Again Matthew was sedate, lined up, and on a breathing machine. We get to go through all of the first two post op days again. We have narrowed some of his delirium down to benadryl (so he won't ever be getting that again) and we have switched to synthetic opiates because they have less breakdown products that are pyschotrophic.
It is now Saturday morning and we are back at it again. Our bishop came to the rescue and brought his camper up for us to sleep in. We are right next to the hospital and less than 30 seconds from Matthew's room. I got a great night sleep last night (the night before I was on a hard floor in a sleeping bag . . .I guess I am looking for a little sympathy here). To have a place to go and relax is wonderful. It was a design flaw to build a 42 bed ICU with only six parent sleep rooms. If I were a philanthropist I would use my money to 1) first try to buy the Kirtland Temple from the RLDS and 2)Build Utah a new state of the art children's hospital where every ICU bed had a parent room with it. Who wants to ever leave their children when they are in the icu?
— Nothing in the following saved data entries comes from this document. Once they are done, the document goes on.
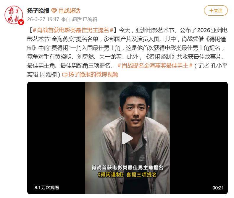据3月27日报道,2026年亚洲电影艺术节“金海燕奖”提名名单的公布,在网络上投下了一枚惊喜炸弹。焦点中的焦点,是演员肖战——他凭借在电影《得闲谨制》中饰演的“莫得闲”一角,首次获得电影类最佳男主角提名,将与黄晓明、刘昊然、朱一龙等实力派同台竞技。
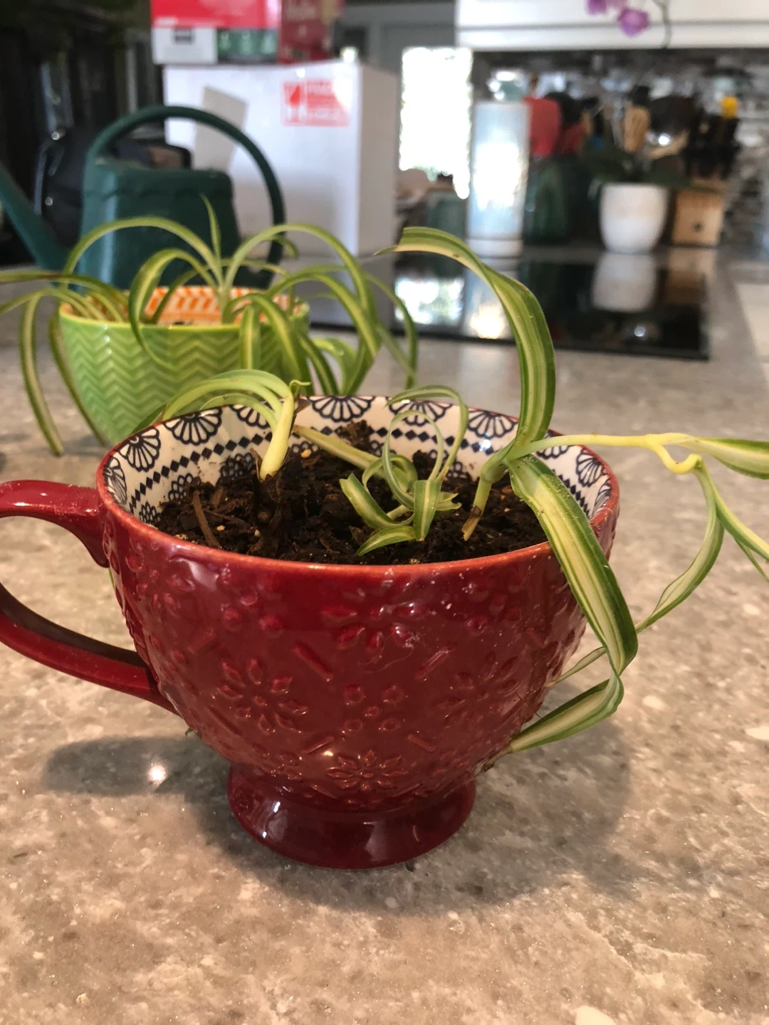 I'm selling some lovely spider plants potted in decorative mugs. They're all healthy and ready to brighten up your space! Each plant comes in its own unique mug, adding a touch of charm to any room. They're super easy to care for and great for adding a bit of greenery to your home.
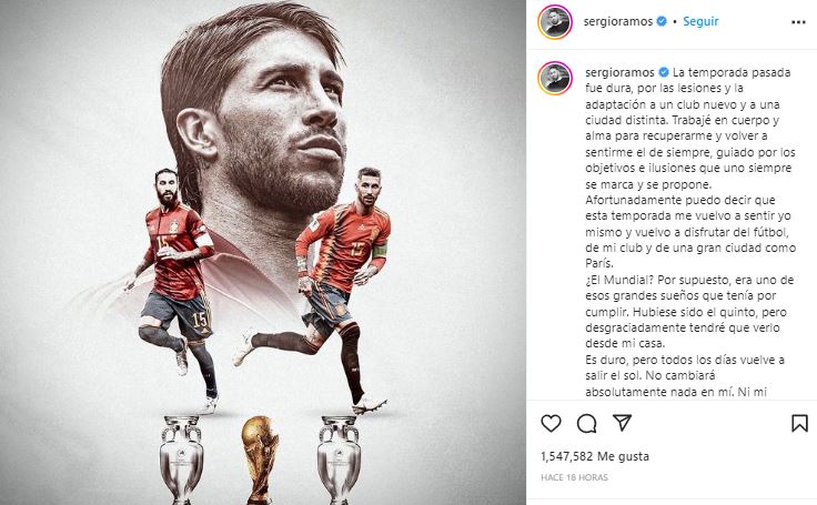 Sergio Ramos aseguró que será uno más animando al equipo español desde su casa. “¿El Mundial? Por supuesto, era uno de esos grandes sueños que tenía por cumplir. Hubiese sido el quinto, pero desgraciadamente tendré que verlo desde mi casa”, comentó en la primera parte de su publicación en redes sociales.
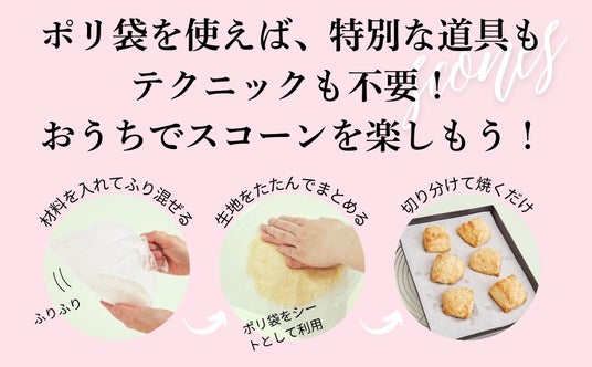 アフタヌーンティーの広がりや、新しい味わい・見た目のスコーンの登場で、今、再びスコーンに注目が集まっています。ポリ袋を使った簡単レシピで、おうちで焼き立てスコーンを楽しめる本ができました。
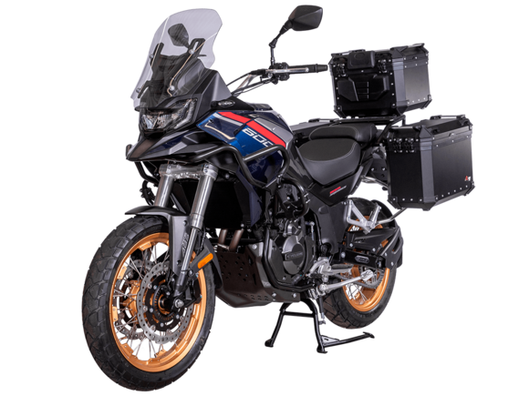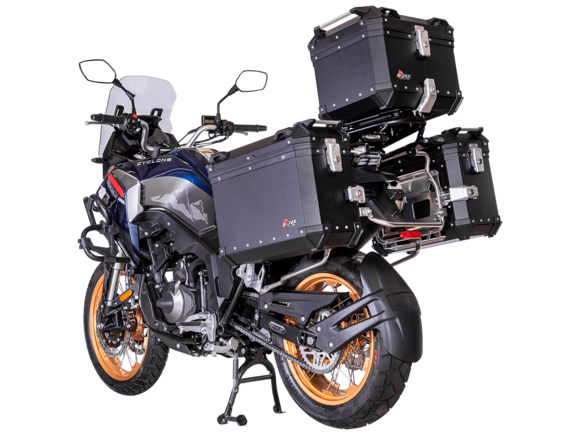 Мотоцикл CYCLONE RX600 ADV 2025 ПТС – туристический эндуро для покорения самых непростых и протяжённых маршрутов.Силовая установка представлена 2-цилиндровым 4-тактным двигателем DOHC объёмом 550 см³ с 4 клапанами на каждом цилиндре. Мощность в 59,9 л.с. достигается при 8500 об/мин, а максимальный крутящий момент 55 Н·м при 6500 об/мин. Соотношение диаметра цилиндра и хода поршня 72х67,6 мм. Степень сжатия 11:1. Жидкостная система охлаждения не допустит перегрева двигателя даже на самых непростых маршрутах. Механическая коробка передач имеет 6 ступеней.Максимальная скорость 170 км/ч.Объём топливного бака 18 литров.На мотоцикл установлены спицованные алюминиевые колёса диаметром 19 дюймов спереди и 17 дюймов сзади. В качестве передней подвески используется телескопическая вилка перевёрнутого типа с ходом 130 мм, а задней – маятник с моноамортизатором с ходом 55 мм. Оба компонента подвески регулируются. На переднее колесо установлены 2 тормозных диска диаметром 305 мм с 4-поршневыми суппортами, а сзади используется тормозной диск 258 мм с однопоршневым суппортом с плавающей скобой. Дополнительно на оба колеса установлена настраиваемая ABS-система.Габариты мотоцикла 2160х870х1399 мм, вес 219 кг. Клиренс 175 мм, колёсная база 1410 мм, высота по седлу 810 мм.Оснащён противобуксовочной системой и датчиками давления в шинах. Для освещения используется диодная светотехника. Многофункциональная приборная панель имеет TFT-дисплей. На руле установлена подсветка пультов. Для зарядки устройств имеется USB-порт. Также есть защитные дуги, защита двигателя, 3 кофра и центральная подставка.

I just spoke with Dr. Kaza and the plan for today is to pull the breathing tube out, wake him up again, start feeding him (It has been 3 and 1/2 days since he ate), adjust his PICC line, and hope that we don't have another day of "Wrestlmania" with a two year old. Tomorrow he said that we would be pulling out his chest and mediastinal drains as well as that hated right atrial line.
As for Chrissy and I, we are surviving. We have been here before and we would do it again for any of our children. For one day at home playing with trains and Misty (the dog) it will be worth it. We are so thankful (cannot say enough) about our parents, family, partners, ward, work, and our angels on the other side (Anne we know you are on assignment here). Thank you sooo much.